Task statement: Write out the lines of the material below exactly, beginning at the line with "9 ブラック 黒 /FT" and stopping after the line with "The degree ceremony", and leave out the pictures.

Extracted data:

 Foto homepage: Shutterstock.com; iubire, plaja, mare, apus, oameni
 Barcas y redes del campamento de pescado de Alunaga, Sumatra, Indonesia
--
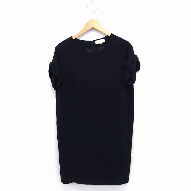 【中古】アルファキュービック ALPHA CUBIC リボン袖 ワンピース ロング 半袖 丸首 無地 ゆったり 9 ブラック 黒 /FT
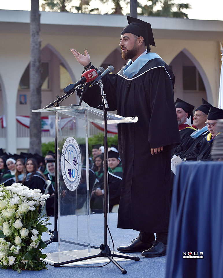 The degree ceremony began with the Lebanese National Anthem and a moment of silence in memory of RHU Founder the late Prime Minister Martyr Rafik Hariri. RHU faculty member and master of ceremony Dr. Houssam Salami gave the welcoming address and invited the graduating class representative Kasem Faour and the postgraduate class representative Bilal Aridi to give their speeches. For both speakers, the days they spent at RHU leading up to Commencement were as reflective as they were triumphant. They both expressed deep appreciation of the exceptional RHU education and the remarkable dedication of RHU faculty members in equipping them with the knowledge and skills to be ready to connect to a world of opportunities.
--
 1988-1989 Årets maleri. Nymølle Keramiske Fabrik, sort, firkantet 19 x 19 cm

Response to the exercise:
 【中古】アルファキュービック ALPHA CUBIC リボン袖 ワンピース ロング 半袖 丸首 無地 ゆったり 9 ブラック 黒 /FT
 The degree ceremony began with the Lebanese National Anthem and a moment of silence in memory of RHU Founder the late Prime Minister Martyr Rafik Hariri. RHU faculty member and master of ceremony Dr. Houssam Salami gave the welcoming address and invited the graduating class representative Kasem Faour and the postgraduate class representative Bilal Aridi to give their speeches. For both speakers, the days they spent at RHU leading up to Commencement were as reflective as they were triumphant. They both expressed deep appreciation of the exceptional RHU education and the remarkable dedication of RHU faculty members in equipping them with the knowledge and skills to be ready to connect to a world of opportunities.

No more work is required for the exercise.